> **Your objective**
Print the data exactly as written, line for line, and leave its pictures behind.
----
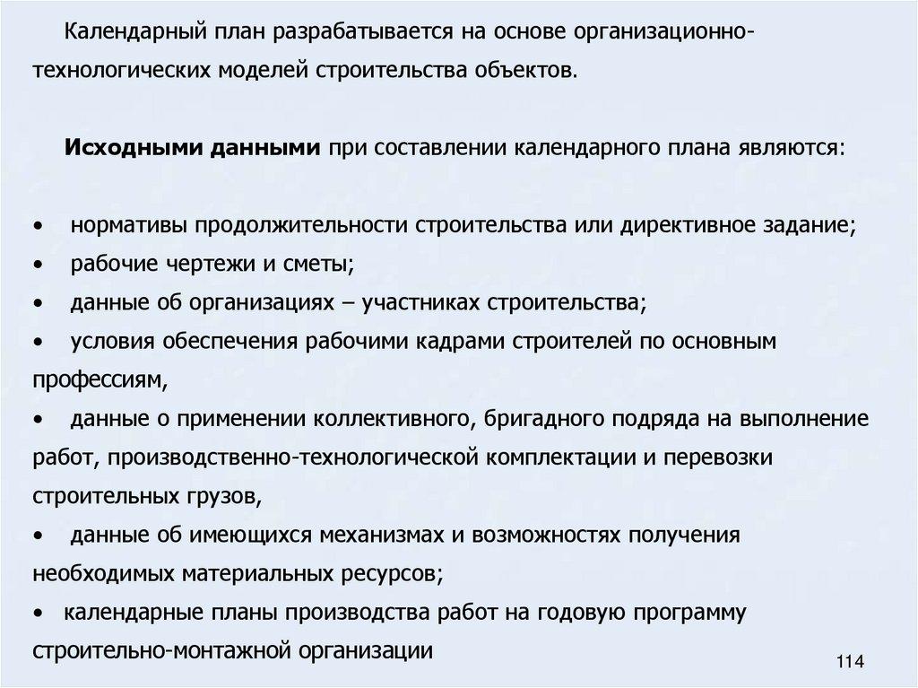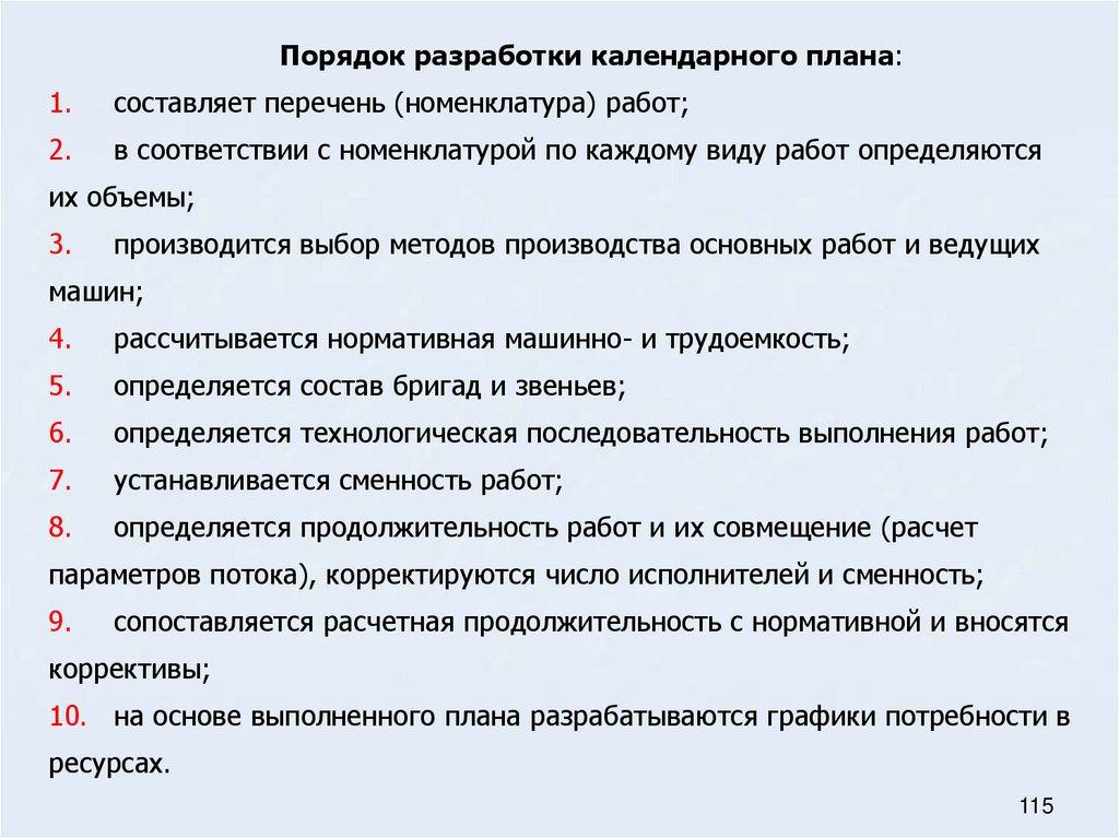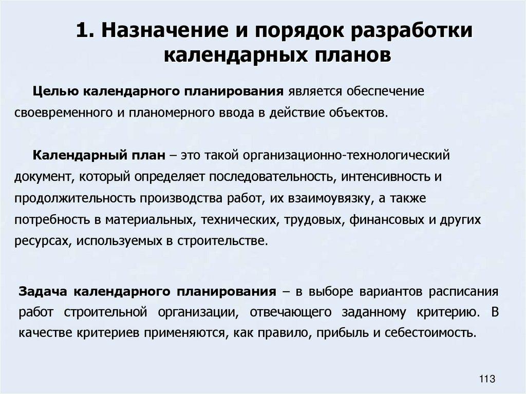 Назначение и порядок разработки календарных
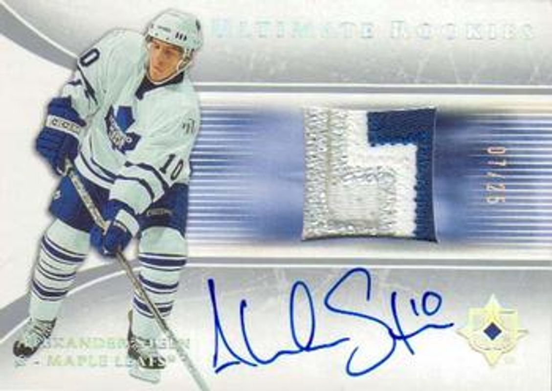 The Alexander Steen 2005 Upper Deck Ultimate Collection #96 Autographed Patches /25 Rookie card is 1 of 15 Alexander Steen's card variations in the 2005 Upper Deck Ultimate Collection set being tracked by Sports Card Investor, including Base /599, Ultimate Signatures, Jerseys /250, Marquee Attractions /250, and Ultimate Debut Threads Jerseys /250.
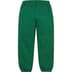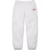 Brushed-back fleece with on seam hand pockets and single back patch pocket. Elastic cuffs and waistband with interior drawcord. Embroidered logo at thigh. Made exclusively for Supreme.
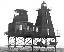 Southwest Reef Light is a historic lighthouse built in 1856 at the end of Southwest Reef in Atchafalaya Bay, Louisiana to replace lightships which had been stationed there for ten years.[2][3][4][5] It served to guide vessels around the reef and into the main channel of the Atchafalaya River. It was discontinued in 1916 after a new, shorter and deeper, channel had been dredged across the reef, making it obsolete. Point Au Fer Reef Light took over its function.
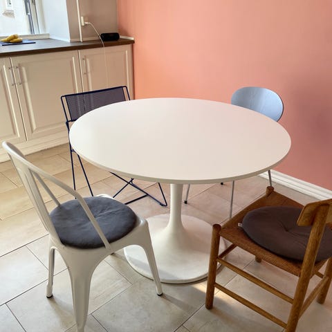 Hvidt rundt bord fra IKEA “Docksta”
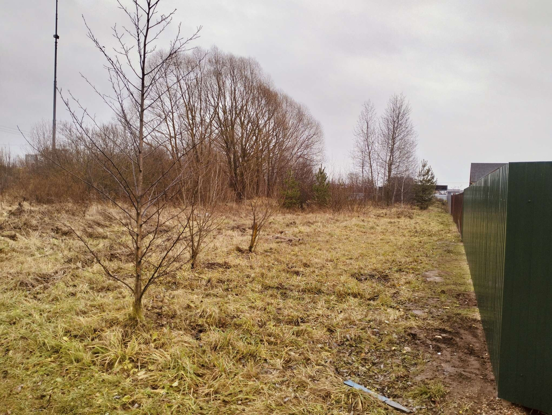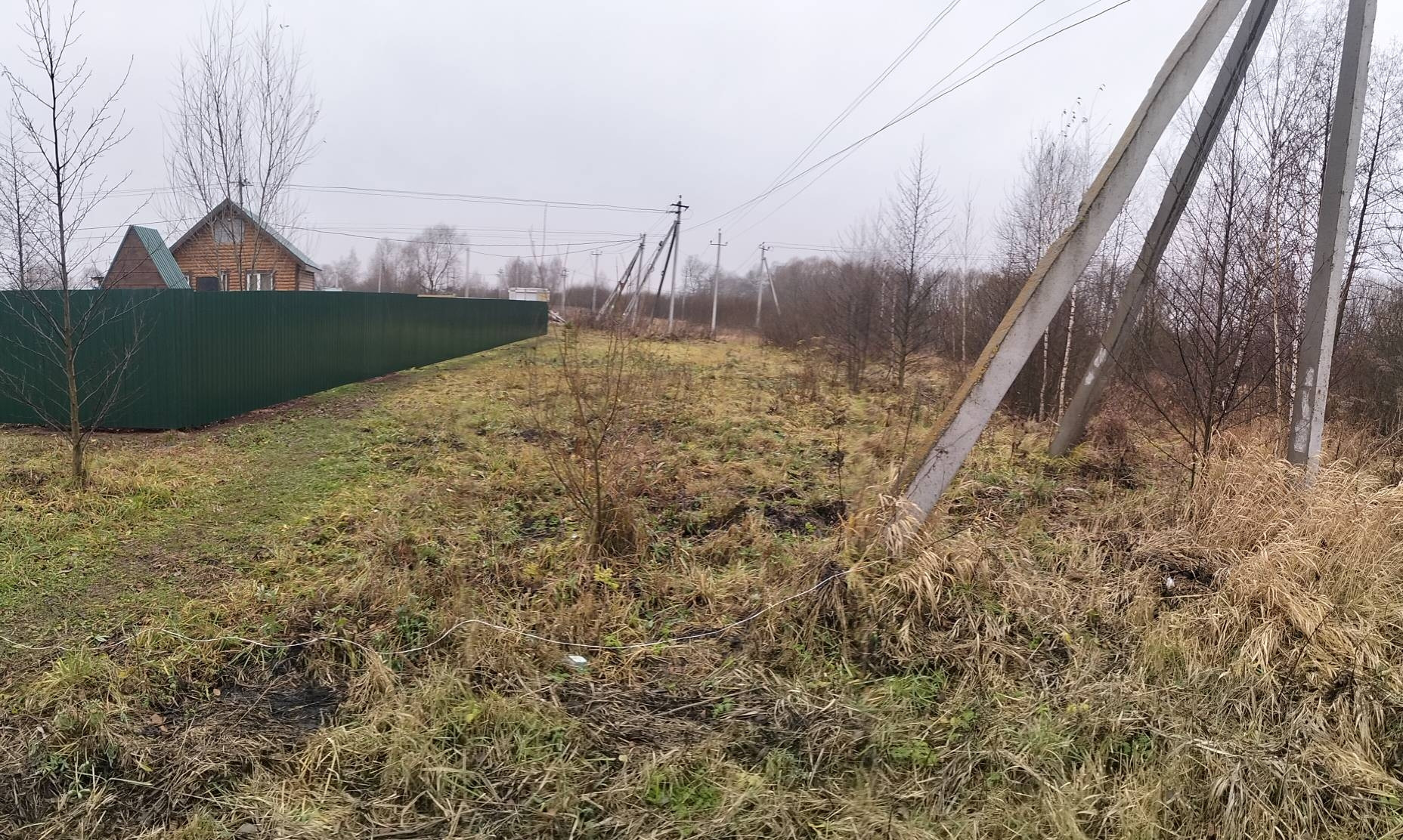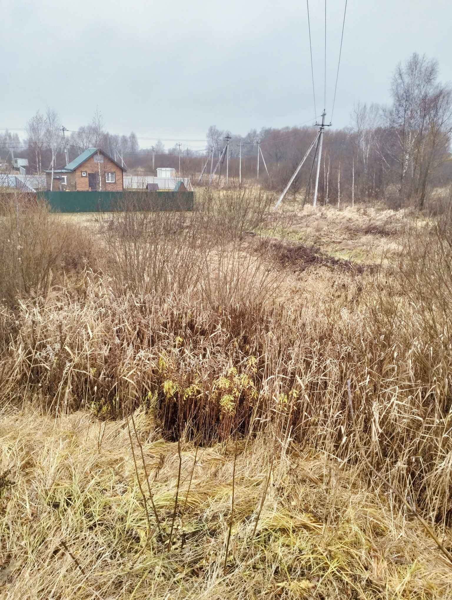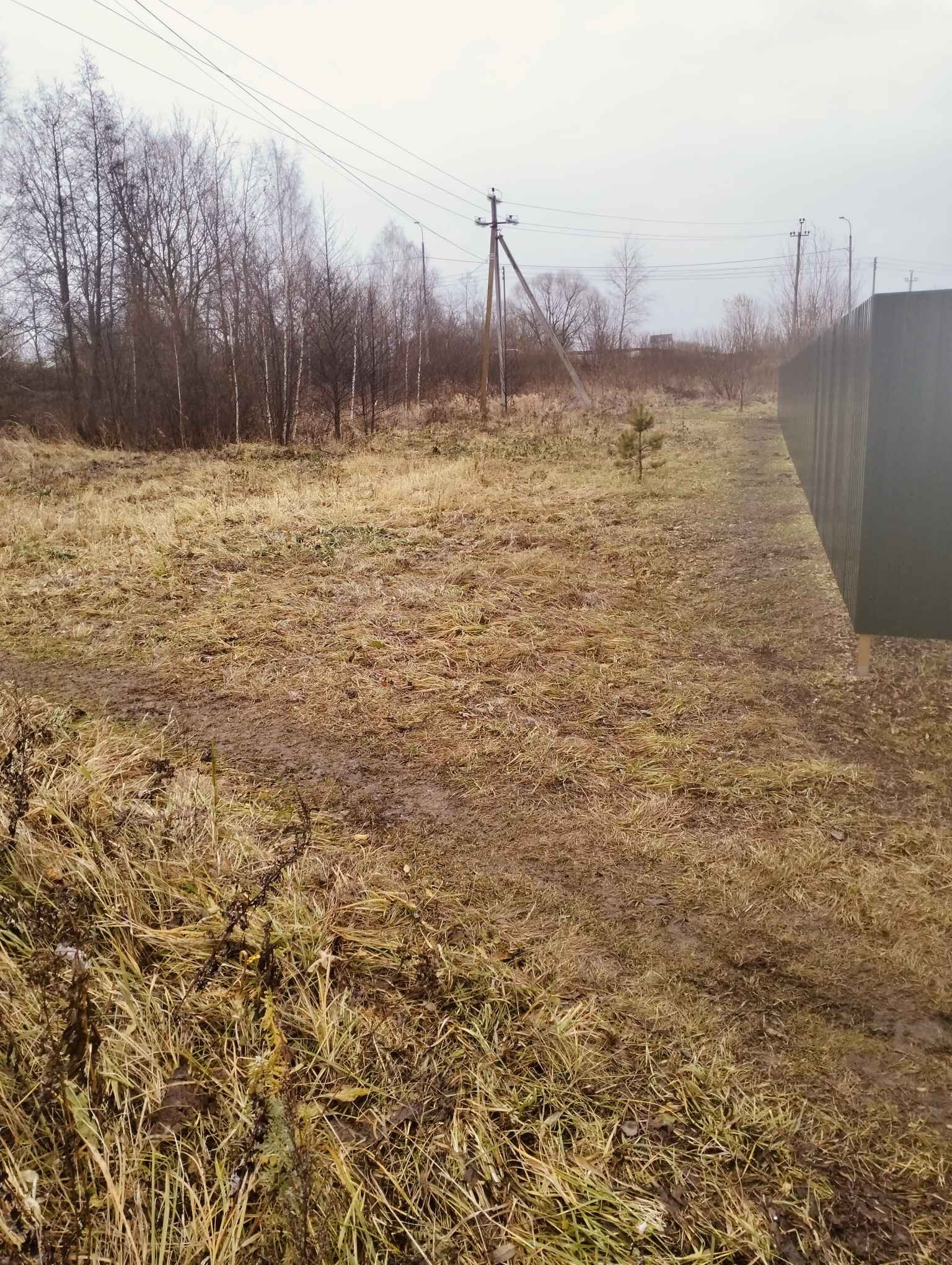 Участок угловой,огорожен с одной стороны. Рядом дренажная канава. Столб электрический.
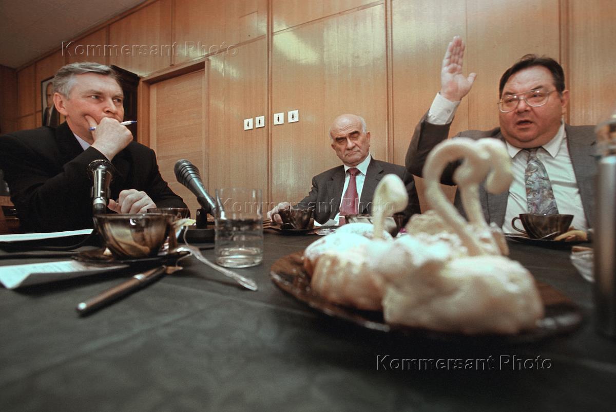 Russian Education Minister Vladimir Filippov (left) runs the so-called 'parents meeting', summoned to discuss pressing issues in the national education system. The meeting was attended by representatives of schoolchildren parents associations, and heads of some of the leading Russian higher education institutions - president of the High School of Economics Yevgeny Yasin (centre) and president of the Russian Art Academy Nikolay Petrov (right).
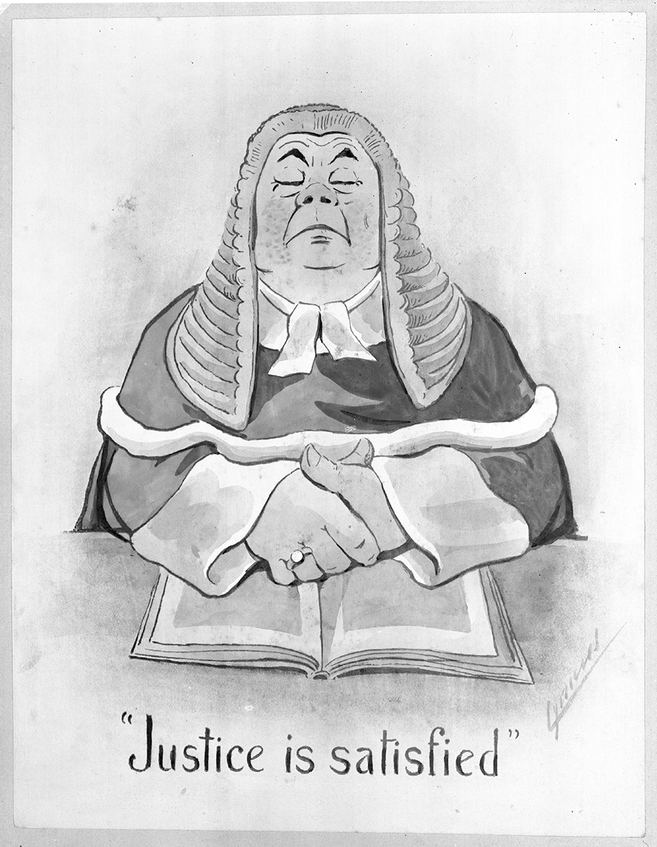 Martin Anderson (1854–1932), Justice is satisfied, watercolor [rendered here in a black-and-white photograph], 8 5/8 x 6 3/4 in. (21.9 x 17.1 cm). The Huntington Library, Art Museum, and Botanical Gardens.
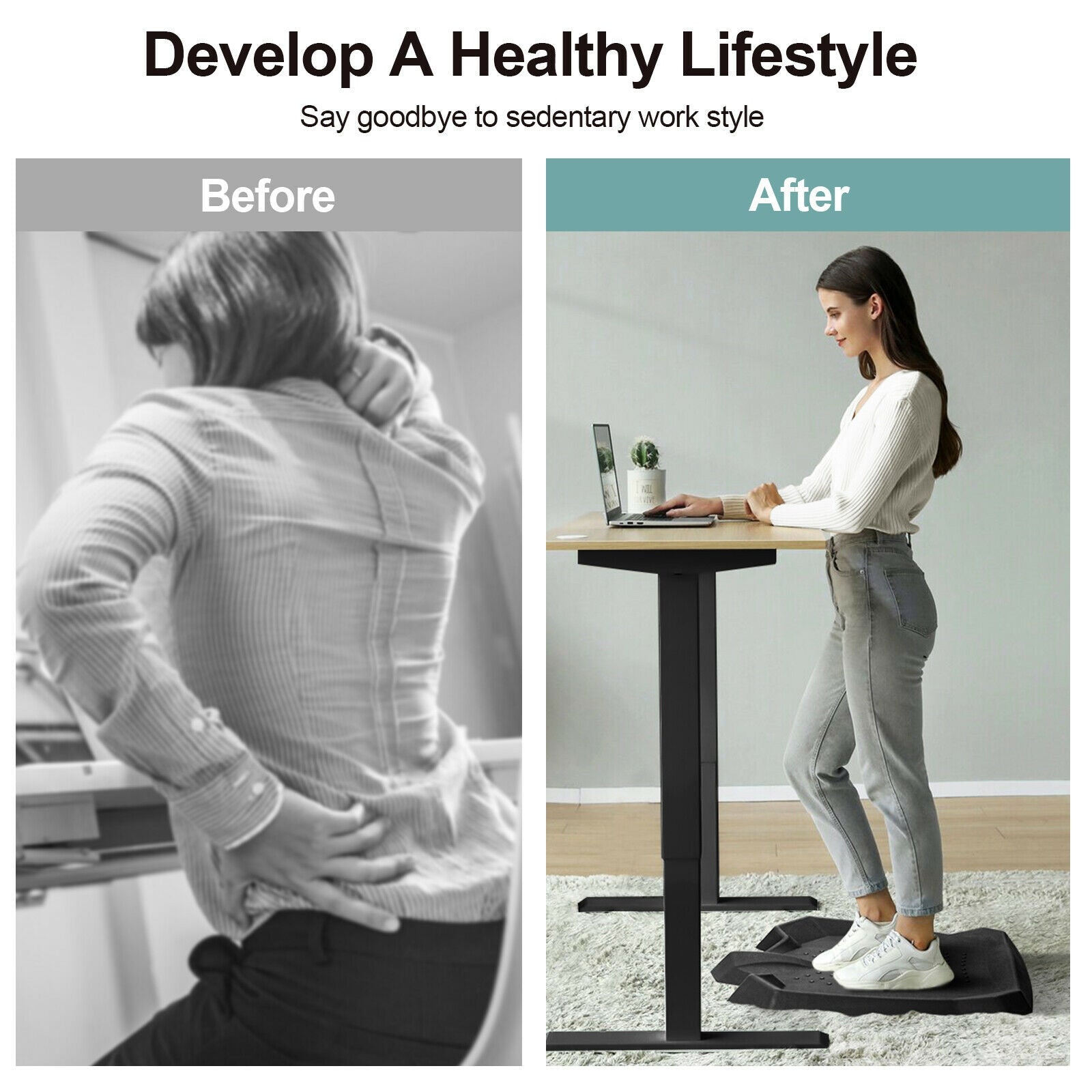 This standing mat is an essential accessory for users of standing desks making long term standing easier and healthier. The surface of this standing mat is not flat and designed with diverse terrain and massage points which enable the standing mat to promote the blood circulation and relieve the fatigue and pressure of muscles while standing. Made of premium PU material this anti-fatigue standing mat provides ergonomic support and long service life. Also the anti-skid groove base effectively prevents the floor mat from sliding while using. Except in the office this ergonomic floor mat is commonly used in many locations including home kitchen garage and more. If you are looking for a standing mat like this do not hesitate to place an order! Provides ergonomic standing support while standing Encourages you to standing work which is healthier than sitting Relieves the fatigue and pressure caused by long-term standing Specially designed with diverse terrain to keep you moving Made of high-density PU material for supporting and comfort Equipped with ergonomic pressure points for massage while standing Suitable for various scenarios such as home office kitchen etc. Anti-skid groove base prevents the floor mat from sliding Able to withstand most shoe types like sneakers Waterproof and stain resistant surface is easy to clean
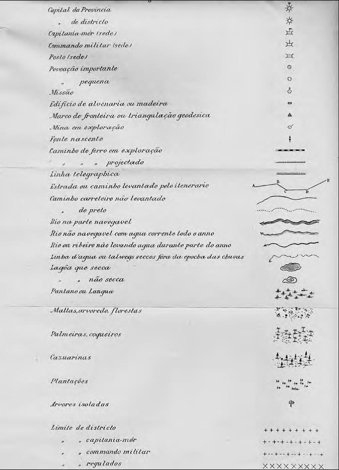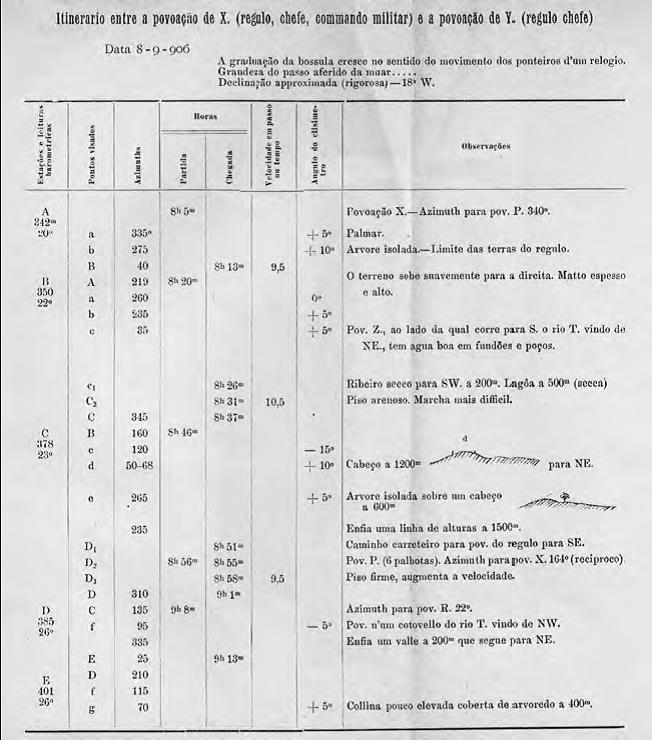 A Caderneta do Itinerário, de que se mostra exemplo na figura 30, pode ser completada com informações dos indígenas: “O official deve ser acompanhado por um guia da região, que substituirá de povoação em povoação, para melhor garantir a verdade da informação. A toponímia local deve ser escrita o mais correcta possível”.
----
> **Problem solution**
 Назначение и порядок разработки календарных
 The Alexander Steen 2005 Upper Deck Ultimate Collection #96 Autographed Patches /25 Rookie card is 1 of 15 Alexander Steen's card variations in the 2005 Upper Deck Ultimate Collection set being tracked by Sports Card Investor, including Base /599, Ultimate Signatures, Jerseys /250, Marquee Attractions /250, and Ultimate Debut Threads Jerseys /250.
 Brushed-back fleece with on seam hand pockets and single back patch pocket. Elastic cuffs and waistband with interior drawcord. Embroidered logo at thigh. Made exclusively for Supreme.
 Southwest Reef Light is a historic lighthouse built in 1856 at the end of Southwest Reef in Atchafalaya Bay, Louisiana to replace lightships which had been stationed there for ten years.[2][3][4][5] It served to guide vessels around the reef and into the main channel of the Atchafalaya River. It was discontinued in 1916 after a new, shorter and deeper, channel had been dredged across the reef, making it obsolete. Point Au Fer Reef Light took over its function.
 Hvidt rundt bord fra IKEA “Docksta”
 Участок угловой,огорожен с одной стороны. Рядом дренажная канава. Столб электрический.
 Russian Education Minister Vladimir Filippov (left) runs the so-called 'parents meeting', summoned to discuss pressing issues in the national education system. The meeting was attended by representatives of schoolchildren parents associations, and heads of some of the leading Russian higher education institutions - president of the High School of Economics Yevgeny Yasin (centre) and president of the Russian Art Academy Nikolay Petrov (right).
 Martin Anderson (1854–1932), Justice is satisfied, watercolor [rendered here in a black-and-white photograph], 8 5/8 x 6 3/4 in. (21.9 x 17.1 cm). The Huntington Library, Art Museum, and Botanical Gardens.
 This standing mat is an essential accessory for users of standing desks making long term standing easier and healthier. The surface of this standing mat is not flat and designed with diverse terrain and massage points which enable the standing mat to promote the blood circulation and relieve the fatigue and pressure of muscles while standing. Made of premium PU material this anti-fatigue standing mat provides ergonomic support and long service life. Also the anti-skid groove base effectively prevents the floor mat from sliding while using. Except in the office this ergonomic floor mat is commonly used in many locations including home kitchen garage and more. If you are looking for a standing mat like this do not hesitate to place an order! Provides ergonomic standing support while standing Encourages you to standing work which is healthier than sitting Relieves the fatigue and pressure caused by long-term standing Specially designed with diverse terrain to keep you moving Made of high-density PU material for supporting and comfort Equipped with ergonomic pressure points for massage while standing Suitable for various scenarios such as home office kitchen etc. Anti-skid groove base prevents the floor mat from sliding Able to withstand most shoe types like sneakers Waterproof and stain resistant surface is easy to clean
 A Caderneta do Itinerário, de que se mostra exemplo na figura 30, pode ser completada com informações dos indígenas: “O official deve ser acompanhado por um guia da região, que substituirá de povoação em povoação, para melhor garantir a verdade da informação. A toponímia local deve ser escrita o mais correcta possível”.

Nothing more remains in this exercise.